'I like the traffic, the hustle and bustle of the great railway stations,' – wrote Sienkiewicz in Listy z podróży do Ameryki [Letters from a Journey to America]. As he admitted in the same collection, he also had other peculiar railway tastes:
As a man imbued with a love of all things domestic, I adore not only our railways but also all the accidents that happen to them, from the rails breaking on the Warsaw-Vienna Railway to the romanticism with which the trains of the St Petersburg railway turn upside down or are late.

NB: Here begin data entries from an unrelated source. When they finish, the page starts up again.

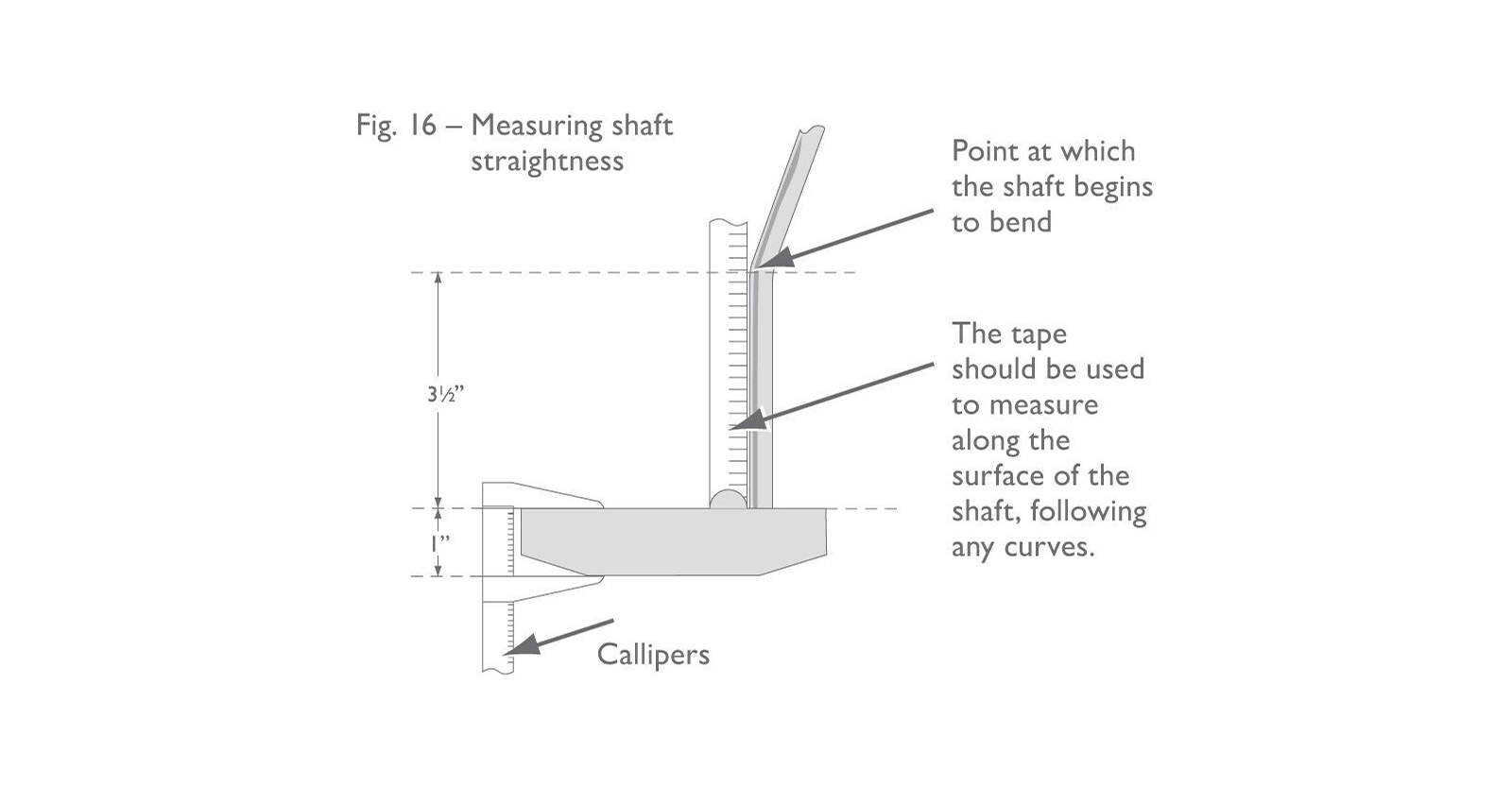 The “5-inch” measurement should be made using a pair of callipers (to measure the depth of the head at the point where the shaft is attached) and a flexible measuring tape, or a piece of string (to measure the length of any bend or bends in the shaft from the point where the shaft ceases to be straight) (see Figure 16).
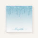 Modern Elegant Fashionable and Trendy Light Blue Glitter Notebook personalized with your Name. Stylish Script. Dripping Glitter with sparkles.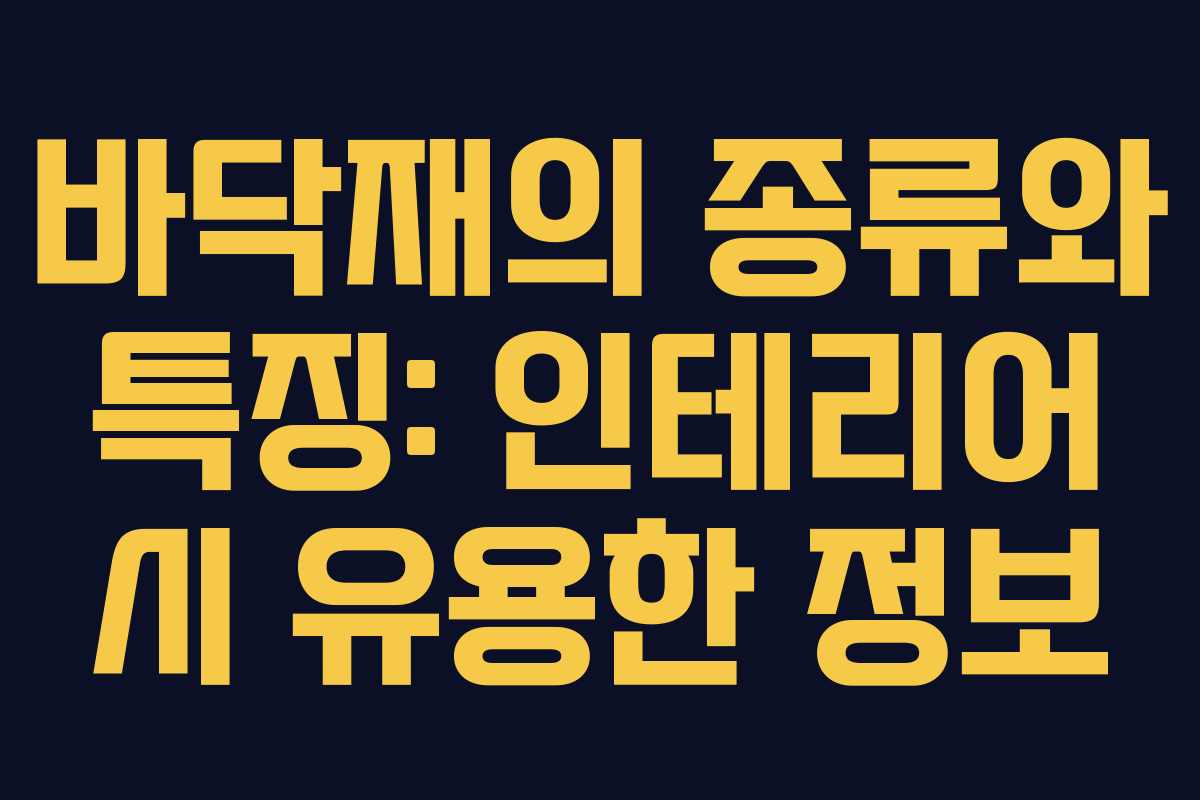 바닥재의 종류와 특징: 인테리어 시 유용한 정보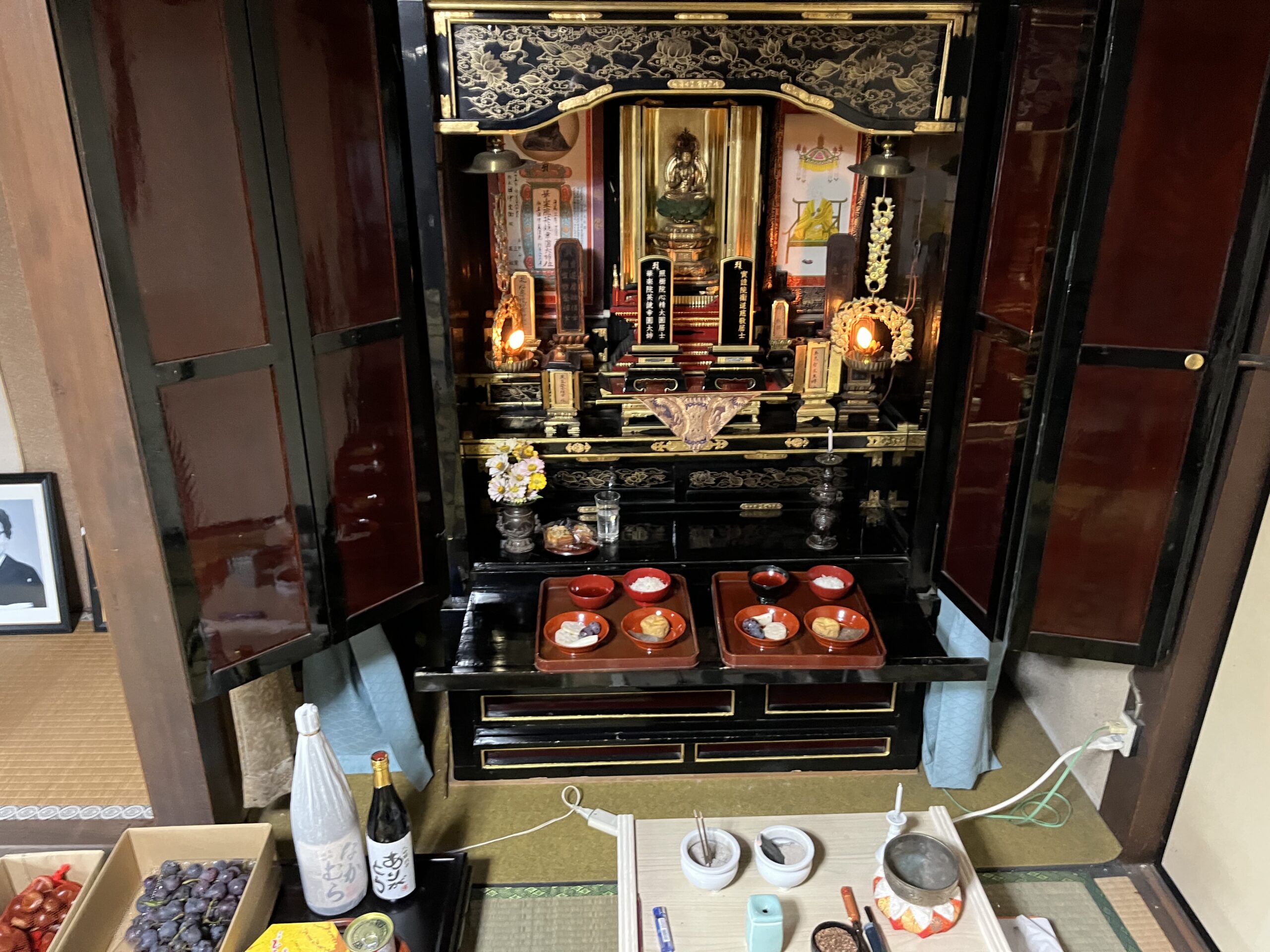 父ブンエの仏壇とお墓に、母と4人兄弟の5人で、お参りをして、掃除をしました。

As we know, train travel at that time was not the most pleasant experience: in addition to compartments closed from the outside or clouds of smoke penetrating through the windows in the tunnels, the then imperfect heating system reared its head in winter – the seats were heated from below. And we learn about this experience from Sienkiewicz:
It soon became so hot in the carriages that it was impossible to sit down. As you know, our carriages are heated from under the seats, which occasionally made me feel as if I was a teapot sitting on a samovar.

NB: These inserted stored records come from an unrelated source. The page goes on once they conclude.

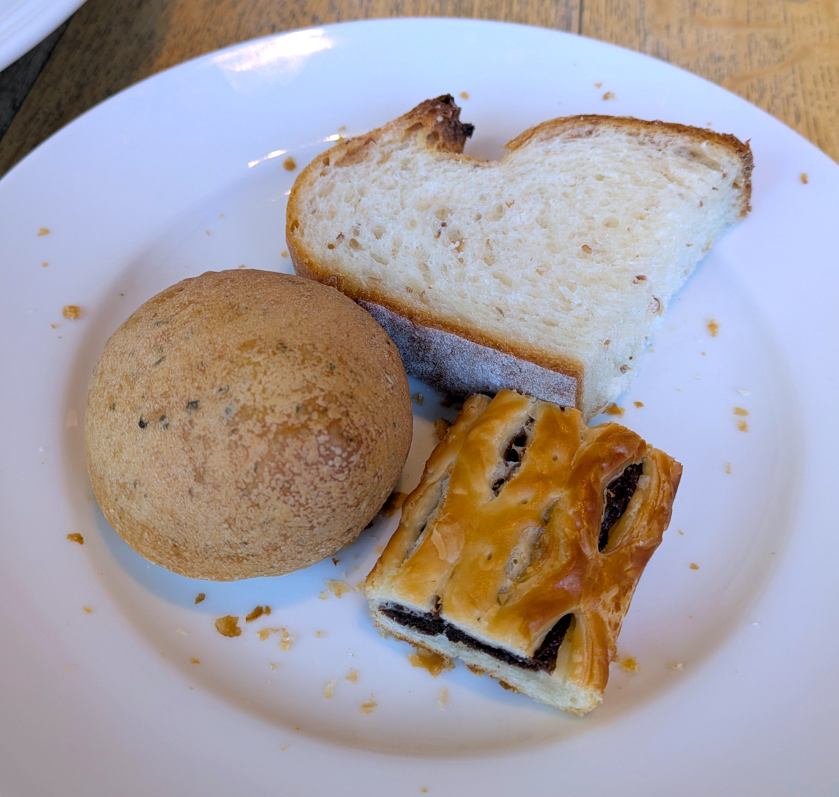 2皿目を食べ終えて、さらにおかわり。次はバジルのプチパン・ライ麦パン、そして再びチョコデニッシュの計3個。最終的に14個のパンを堪能した。
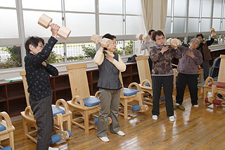 | ③ウッドブロックトレーニング | 25分 | ウッドブロックを使い、椅子に座った状態で下肢トレーニング |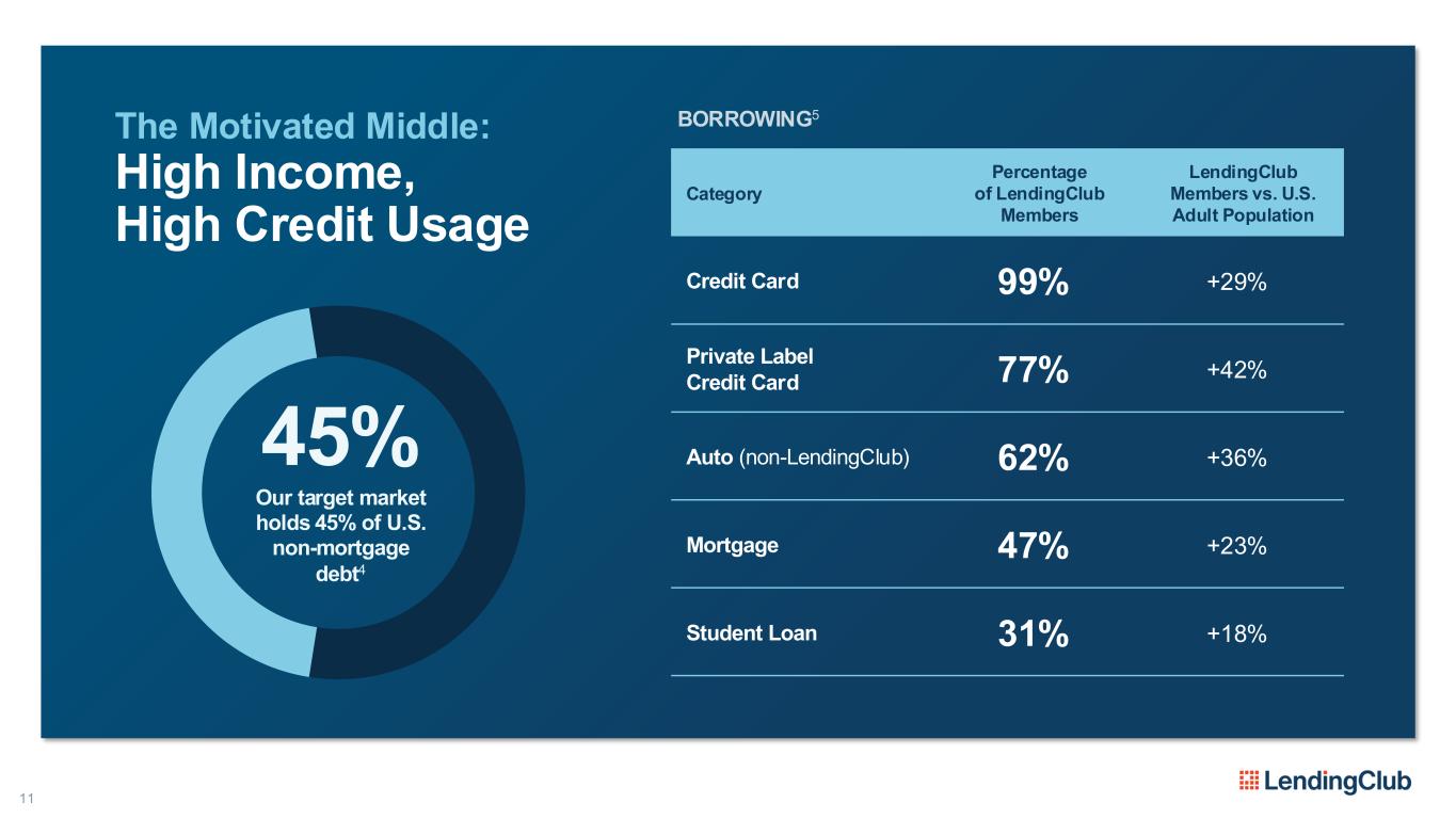 Who We Serve: The Motivated Middle U.S. Adult Population LendingClub Members FICO 717 719 INCOME $75K $121K DEMOGRAPHIC AVERAGES3Tens of millions of consumers who are: ▪ Goal oriented ▪ Digitally capable ▪ Value conscious ▪ Multi-relationship 32% of the U.S. adult population2 10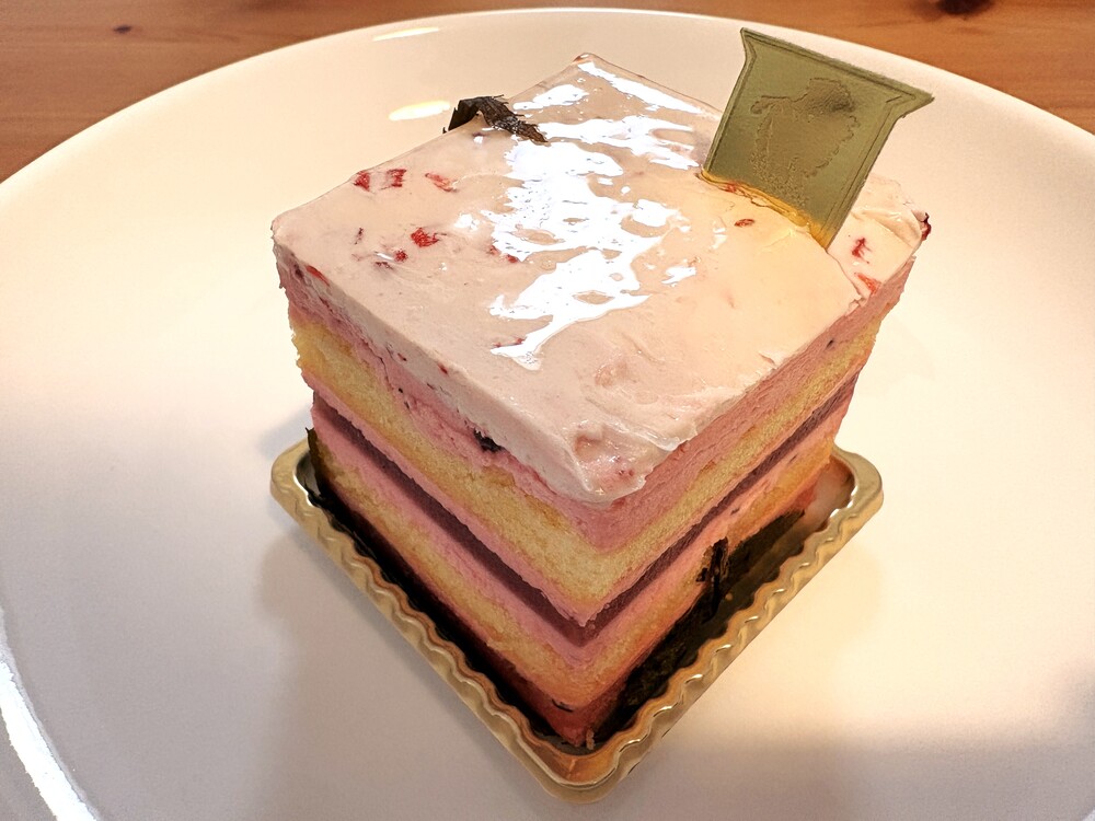 こちらは桜風味のムースに、いちごのジュレを組み合わせたケーキ。

His Listy z podróży do Ameryki is essentially an account of railway travel. The writer set off on 19 February 1876 by the Warsaw-Bydgoszcz Railway to Prussia (with a change of trains at the border town of Aleksandrów) and continued through Toruń, Berlin, Cologne, Brussels to Calais, where he changed to a ship. In England, where 'progress rushes [...] forward as fast as the local locomotives, but dressed up in a medieval costume', he continued to travel by train – with a stop in London, where he took the 'underground railway'. On 23 February, he sailed from Liverpool to the USA.
Railways are also an integral part of his American adventures – the writer, among others, travelled across the continent from east to west on the First Transcontinental Railroad. He lived in a carriage, slept in a carriage, ate in a carriage and became so accustomed to this railway rhythm that he, for some time afterwards, could not sleep 'without the usual railway rumble and the usual railway tremble'. He compared American trains with European ones (which, in his opinion, were at a disadvantage to those from the Old Continent – 'all the stories about the crazy ride are just fairy tales'); he described his fellow passengers, sketching an interesting gallery of characters straight out of a Western ('those bearded men with revolvers sticking out of their back pockets but with increasingly wild faces [...] adventurers of all states who have abandoned other occupations for the expected fabulous profits in the mountains').